0

I want to extract the values from two different columns of a pandas dataframe, put them in a list with no duplicate values.

I have tried the following:

arr = df[['column1', 'column2']].values
thelist= []
    for ix, iy in np.ndindex(arr.shape):
        if arr[ix, iy] not in thelist:
            thelist.append(edges[ix, iy])

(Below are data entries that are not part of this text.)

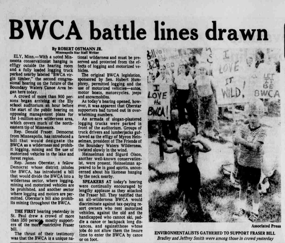 My speech teacher thought it would be interesting for the class to debate the legislation. I was asked to present the pro-wilderness side. The debate took place in the large school auditorium, and all 150 students in my seventh-grade class attended. After the debate, the teacher asked for a show of hands, pro or con. The con won, 148 to 2. My fellow students did not want the Boundary Waters to be protected wilderness. Not long after, when I broke up with my boyfriend, I found that it had become 149 to 1.
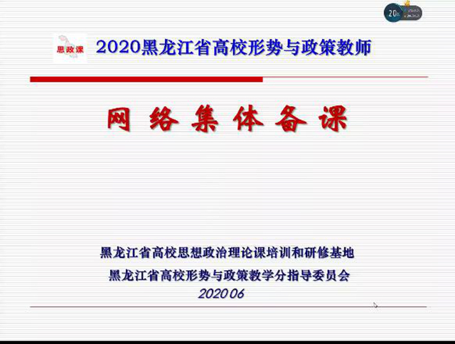 省委教育工委、省教育厅高度重视思政课的线上教学,6月10日-17日,黑龙江省高校形势与政策教学分指导委员会先后组织两场线上集体备课,我校思政教学部组织部门全体教师参加。 本次集体备课的专题分别为“从新冠肺炎疫...
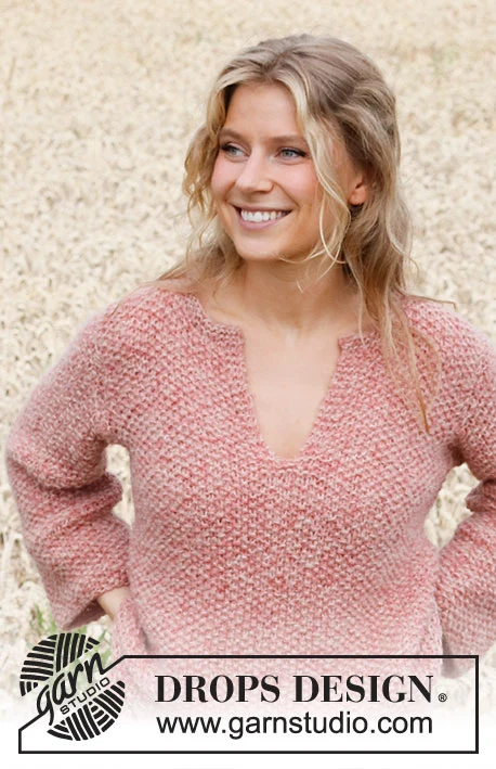 Neulottu pusero DROPS Sky- ja DROPS Brushed Alpaca Silk -langoista . Työ on neulottu helmityönä halkiot pääntiessä ja halkiot sivuissa. Koko S-XXXL.
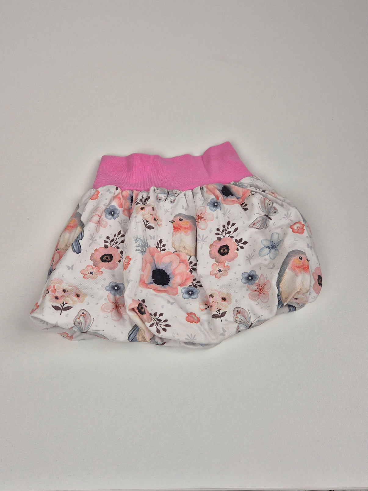 Krásná sukýnka z české malovýroby ve velikosti 92. Bílý podklad zdobí jemný květinový motiv s ptáčky a motýlky v pastelových tónech růžové, modré a šedé. V pase je růžový pružný...
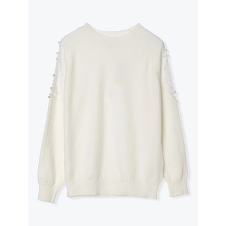 スリーブに施されたパール調がフェミニンなアクセントになるプルオーバー。
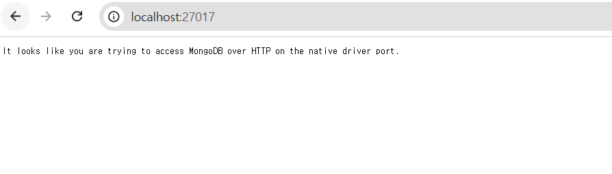 실행은 localhost:27017을 들어가면 확인할 수 있다.
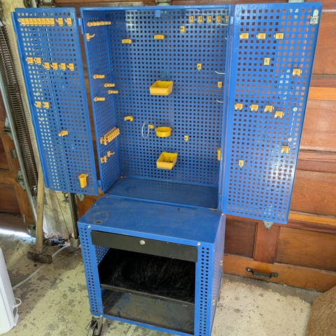 Har sammenleggbart toppbord som gir god arbeidsflate, samt skap med hylle for oppbevaring av verktøy.
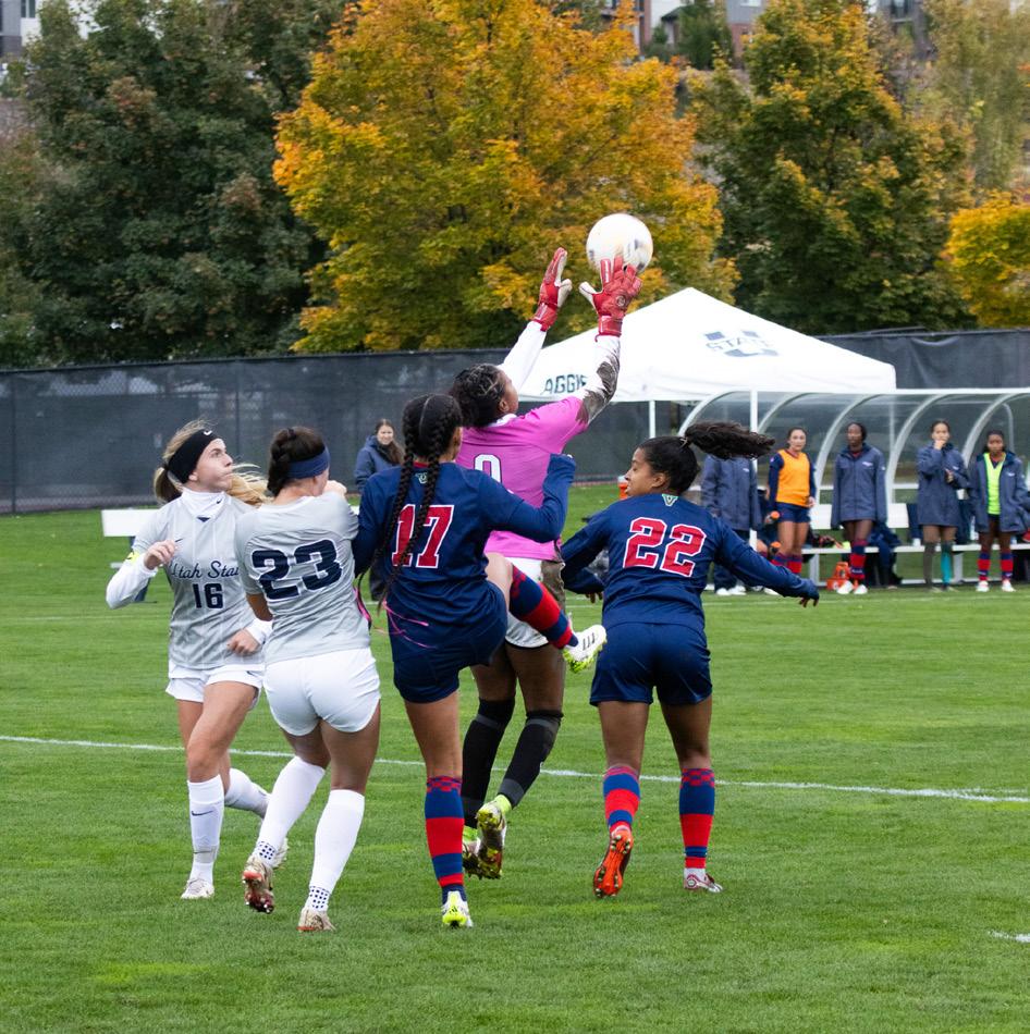 The Utah State women’s soccer team celebrated their seniors with a 2-1 senior day win over the University of Nevada on Sunday, Oct. 12.
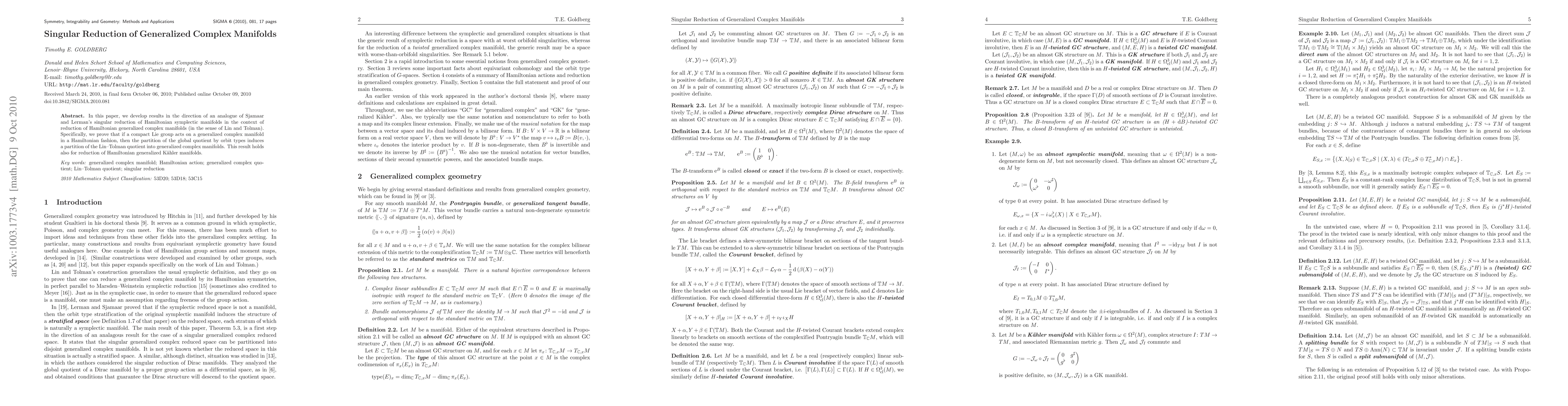 This paper extends the concept of singular reduction from Hamiltonian symplectic manifolds to generalized complex manifolds, proving that Hamiltonian actions on such manifolds yield quotients that are themselves generalized complex manifolds. The result also applies to Hamiltonian generalized Kähler manifolds.
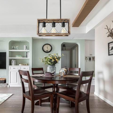 采用金属木纹饰面,兼具质朴美感与耐用性。灯杆(14英寸)与链条(25英寸)支持高度调节,适配不同空间需求;宽16.5英寸的金属框架能有效聚光投射。灯具通过硬线连接,支持平/斜装,适配E26灯泡(需自备),适用于厨房岛台、餐桌、走廊等场景,轻松营造工业风与农舍风格融合的家居氛围。
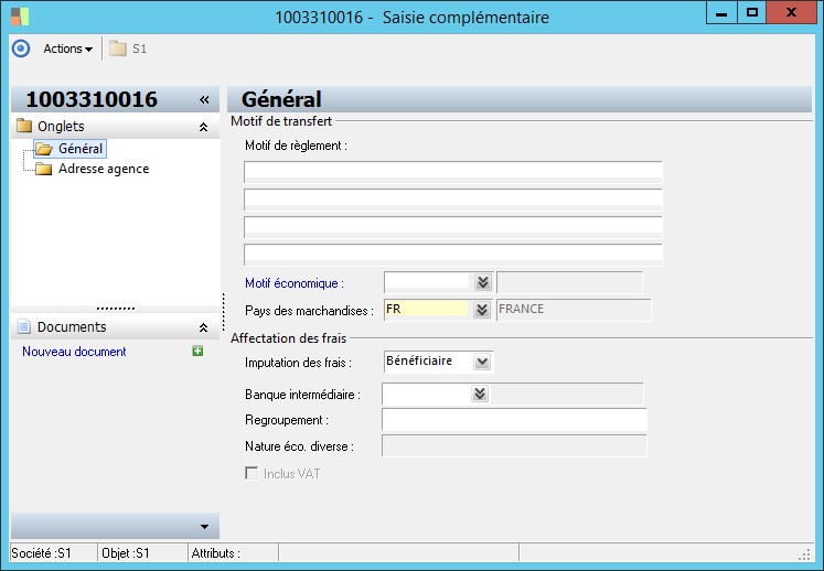 Cette zone indique la référence de l'agence bancaire servant d'intermédiaire pour le traitement du virement international et déplacé. |

This works but it is taking too long. The dataframe contains around 30 million rows.

Example:

  column1 column2 
1   adr1   adr2   
2   adr1   adr2   
3   adr3   adr4   
4   adr4   adr5   

Should generate the list with the values:

[adr1, adr2, adr3, adr4, adr5]

Can you please help me find a more efficient way of doing this, considering that the dataframe contains 30 million rows.

rpanai
  • 12,515
  • 2
  • 42
  • 64
alejo
  • 127
  • 2
  • 11
  • 2
    `np.unique(df.values)`. The default is to flatten arrays, so this does exactly what you want. – ALollz Feb 21 '19 at 18:56
  • `list(np.unique(df.to_numpy())` – kudeh Feb 21 '19 at 18:59
  • Possible duplicate of [pandas unique values multiple columns](https://stackoverflow.com/questions/26977076/pandas-unique-values-multiple-columns) – ALollz Feb 21 '19 at 19:00
  • @ALollz is it normal that the contiguous order is not preserved? I need it to be contiguous. – alejo Feb 21 '19 at 19:57
  • 1
    @alejo then try `pd.unique(df.values.ravel())`. `pd.unique` preserves order, while `np.unique` sorts – ALollz Feb 21 '19 at 20:08

2 Answers2

2

@ALollz gave a right answer. I'll extend from there. To convert into list as expected just use list(np.unique(df.values))

meW
  • 3,832
  • 7
  • 27
1

You can use just np.unique(df) (maybe this is the shortest version).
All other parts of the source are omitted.